Yo creo que nadie  dice que no las compres, simplemente que te informes, hay gente que dice que hacen ruido, las mias no, tampoco creo que podamos compararlas con cartas, son seres vivos y necesitan sus cuidados, aunque son pocos y no hace falta tener mucho tiempo, a los dos dias puedes tenerlas en la mano y en cuatro ya las puedes hacer volar de una mano a otra, al menos es mi caso y no tenia ni idea. Luego depende de donde vivas, solo tienes que tener presente que dejan plumon, el sitio que necesitan, etc, por eso te digo que te informes y lo tipico, cambiarles el agua cada dia, etc....
Si compras una cazuela para tortolas puedes empezar a trabajar con ellas en dos dias, y si compras el libro de Cimo con tiempo y ganas puedes hacer cosas muy guapas, no creo que fuera nuestra intencion desilusionarte, asi que adelante.

Un saludo

Ademas, quien dijo que la magia era facil :Confused:

----------


## Jeff

> ... tampoco creo que podamos compararlas con cartas, son seres vivos...


A lo mejor me explique mal, no las comparo con cartas, sino a que realizar magia con cartas es mas complicado que realizar magia con tortolas. Claro que son seres vivos (salvo que utilices tortolas tipo Nielsen!).

Sin embargo discrepo un poco con eso que en 2 dias tienes la cazuela montada. Podrias  hacerlas aparecer, pero si no le dedicas mas que 2 dias con la cazuela, lo mas seguro es que apenas cuando habras la tapa, una de ellas o todas (si trabajas con muchas) se te vayan volando. La magia con tortolas es mas facil que con cartas, pero no tanto.   :Wink:  

Se debe recordar algo sobre la magia con tortolas. Por mas simple que sea el efecto (mecanico, sencillez etc...), la tortola no estara comoda en su espacio donde estara almacenada hasta su produccion. Requiere tiempo para que ella se acostumbre a ello, sobre todo al ruido y movimiento brusco para su aparicion (con los cambio de luz y temperatura que involucra). Y la regla de oro es que uses la misma tortola para el mismo truco, nunca cambiar de truco, salvo que dejes de realizar el primero. Asi se acostumbra a una sola "orden" y estado de facil asimilacion para ella.
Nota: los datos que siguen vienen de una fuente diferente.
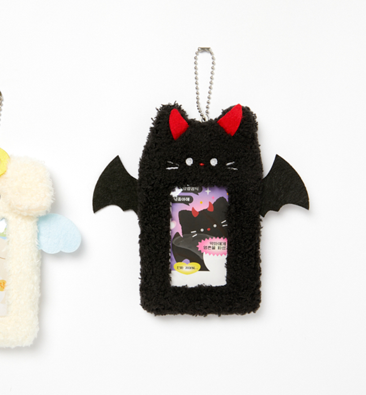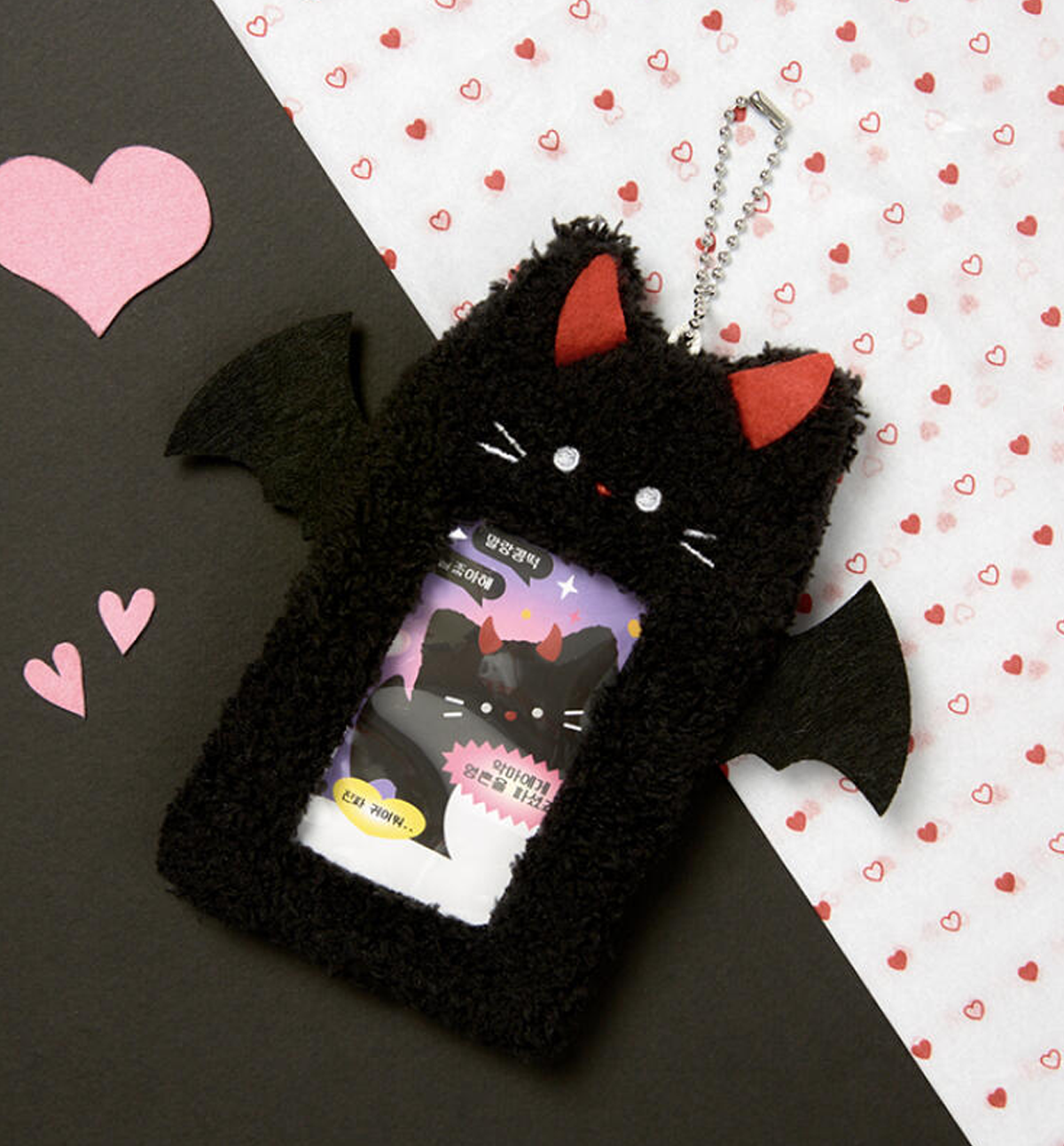 Introducing a cute devil cat fur photocard case. It is made of fluffy fur fabric, so you can feel the soft texture.
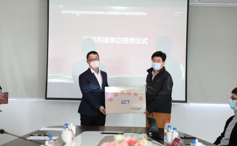 12月28日,河源市湾区数字经济技术创新中心揭牌暨深河共建单位授牌仪式在河源国家高新区举行。市政府副秘书长黄少立,高新区党工委委员、管委会副主任张志涛,南方科技大学未来网络研究院副院长汪漪,鹏城实验室移动通信技术研究所副所长李伟超,粤港澳大湾区大数据研究院院长王新玉,市委组织部、深河指挥部有关负责同志,及数字经济创新中心有关负责人和专家代表参加活动。数字经济创新中心执行主任谭台哲主持活动。
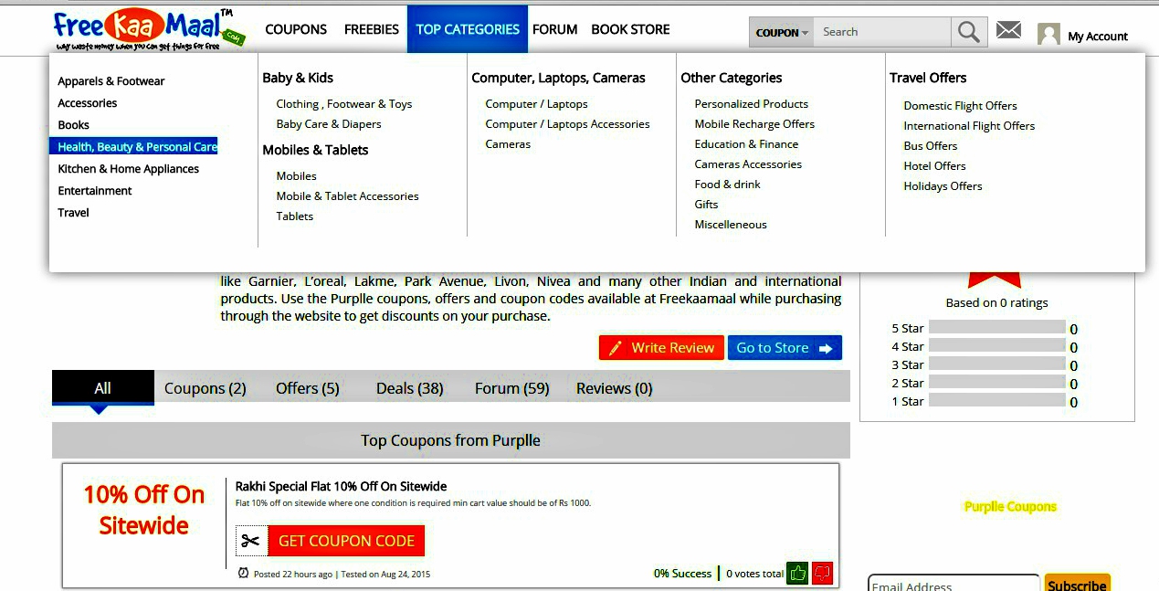 If you are looking out for deals in a specific category for example beauty products, click on the Top categories and you will find it. I was checking out for deals in beauty products, Purplle coupon code caught my attention - they have flat 10% off sitewide, beauty products fans don't miss this offer.
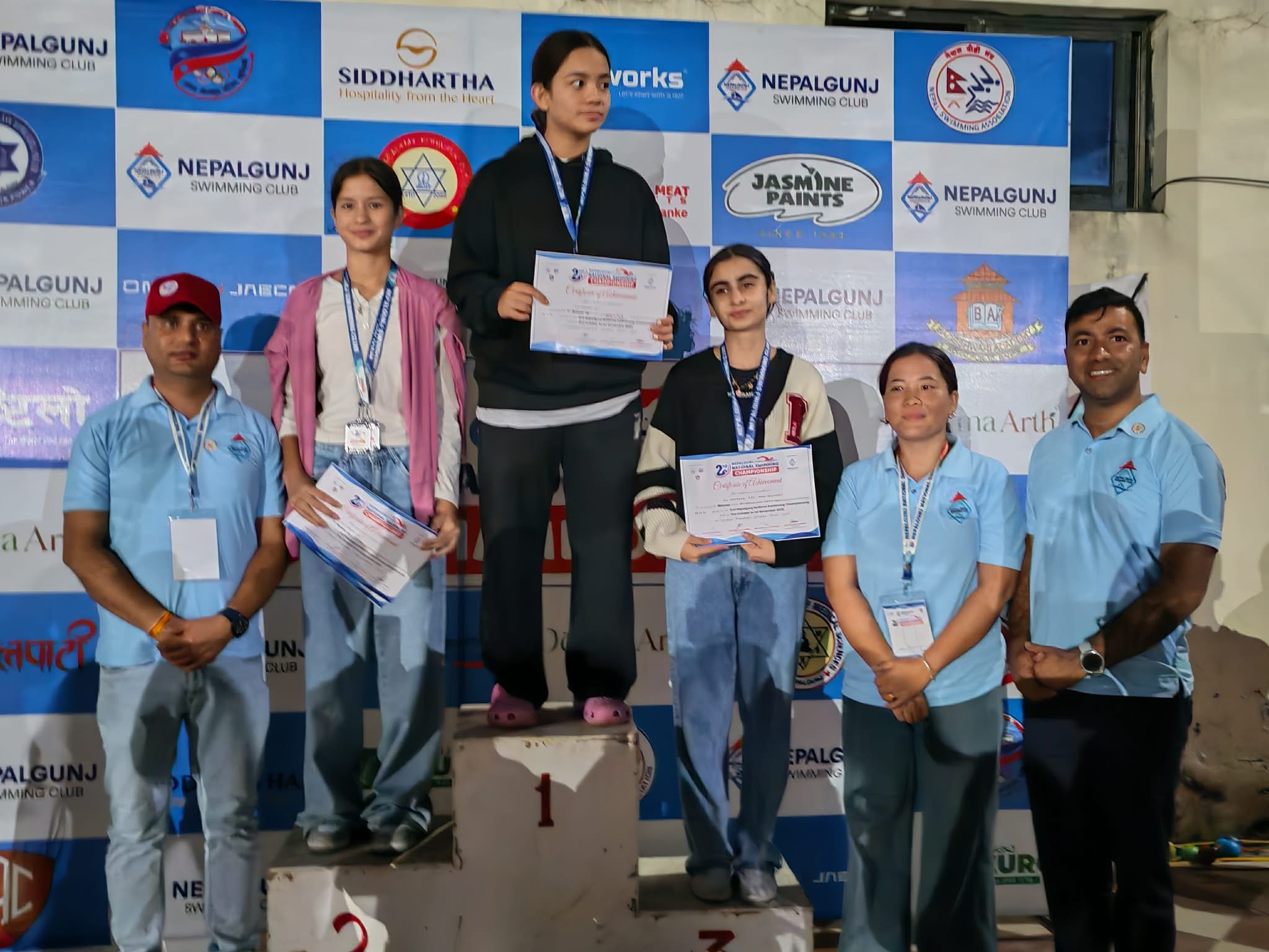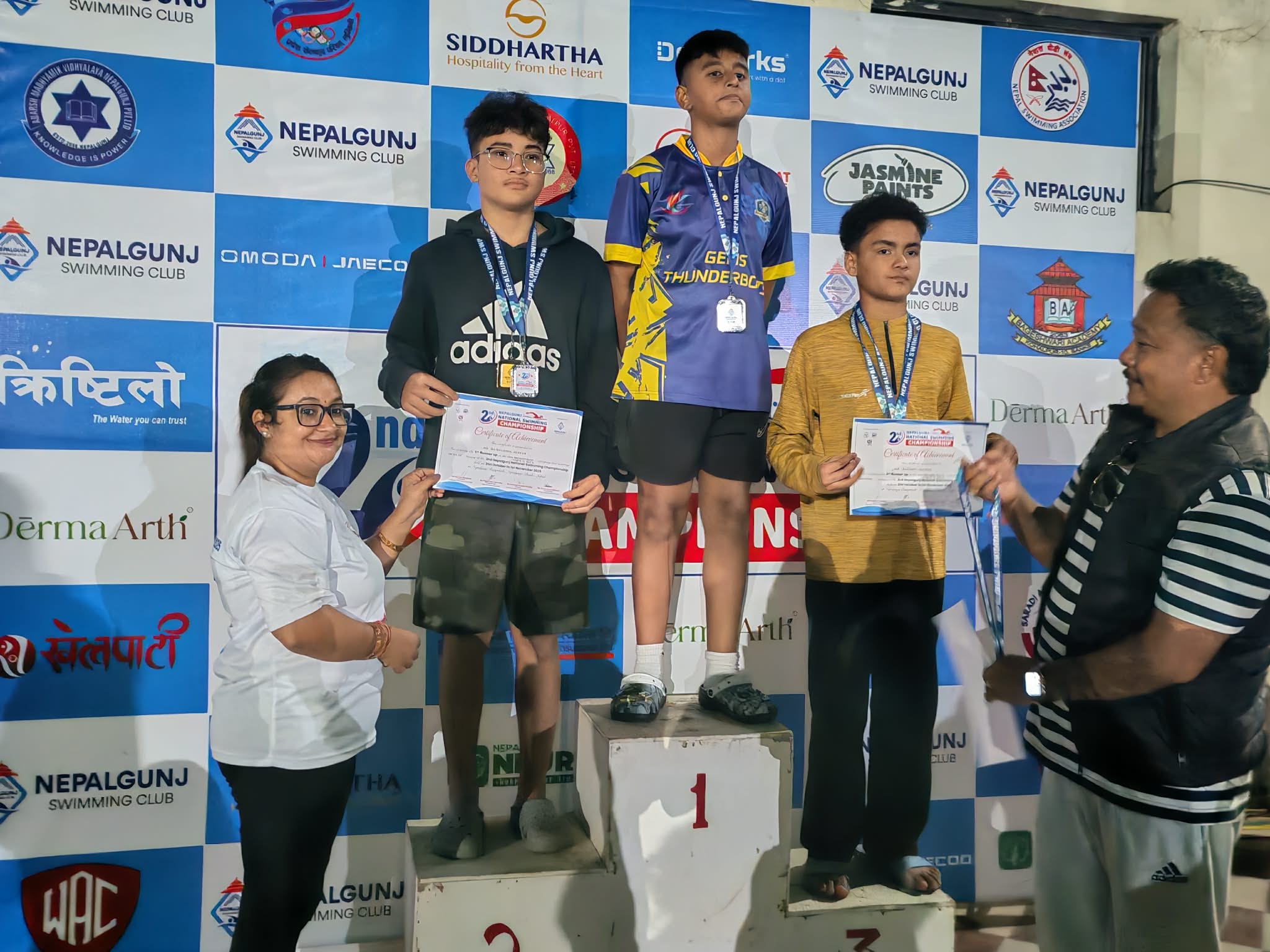 नेपालगन्ज : दोस्रो नेपालगन्ज नेशनल स्वीमिङ च्याम्पिनसीप २०२५ को पहिलो दिनको खेलमा ललितपुरको सगरमाथा स्वीमिङ क्लबले १९ स्वर्णसहित खेलमा अग्रता लिएको छ । प्रतियोगिताका प्रमुख पौडी प्राविधिक विष्णु खड्काका अनुसार शुक्रबार भएका २६ इभेन्ट मध्ये सगरमाथा क्लब एक्लैले १९ स्वर्ण, ६ रजत र ६ वटा काँस्यसहित ३१ पदक जितेर अग्रता लिएको छ । क्लबले जितेको स्वर्ण पदक मात्रै प्रतियोगिताको कूल स्वर्ण पदकको ७३ प्रतिशत हो । ललितपुरकै जेम्स स्कुलले ५ स्वर्ण, १० रजत र २ काँस्य गरी १७ पदक जितेर दोस्रो अग्रता लिएको छ ।

Un buen ejemplo de uso de tortolas hay muchos, pero si tienes la posibilidad de ver a Arkadio en accion, te lo recomiendo. El mago Ivan tiene mas informacion sobre ello.

Saludos

----------


## humorymagia

Realmente no es desilusión, es ambiguedad ante una situación desconocida para mi... una parte dice que si, y otra que me lo tome con mas calma.. el problema es que cuando yo compro un juego, si no me gusta tiene facil solución! Lo dejo en un cajon y ya esta, pero como bien decis las Tortolas son seres vivos y eso no lo puedes dejar en un cajón!! me entendéis?¿? Pero bueno... Ya he pedido información a una tieda de animales de mi ciudad...

Mil gracias...

----------


## SIGLATTI

Supongo que tienes razon Jeff con el tema del tiempo, yo la verdad que creo que he tenido suerte, (no la compre en tienda, la crio un mago) la hembra no hay quien la domine, vaya caracter tiene, pero el macho es un trozo de pan y desde el primer dia se comporta como un campeon, en la cazuela como en su casa, lastima que es pequeña, eso si, os aconsejo la cazuela para conejos que es mas grande. Eso es como todo, cada animal tiene su personalidad si se puede llamar asi.

----------


## SIGLATTI

Para no abrir otro hilo sobre este tema, alguien tiene informacion sobre la cria? Hace poco pusieron huevos pero los rompieron, son muy jovenes todavia, pero si la proxima crian no se si se tiene que tener algun cuidado especial.

----------


## Jeff

Que tengan un sitio para hacer su nido, con heno, paja o cualquier cosa. Dejales la paja, el heno o lo que sea de lado, que ellos mismos eligiran donde hacer el nido.

No saques del nido a la tortola que este, ni uses la hembra para trabajar, podria reventarles los huevos por dentro, lo que le puede ocacionar la muerte.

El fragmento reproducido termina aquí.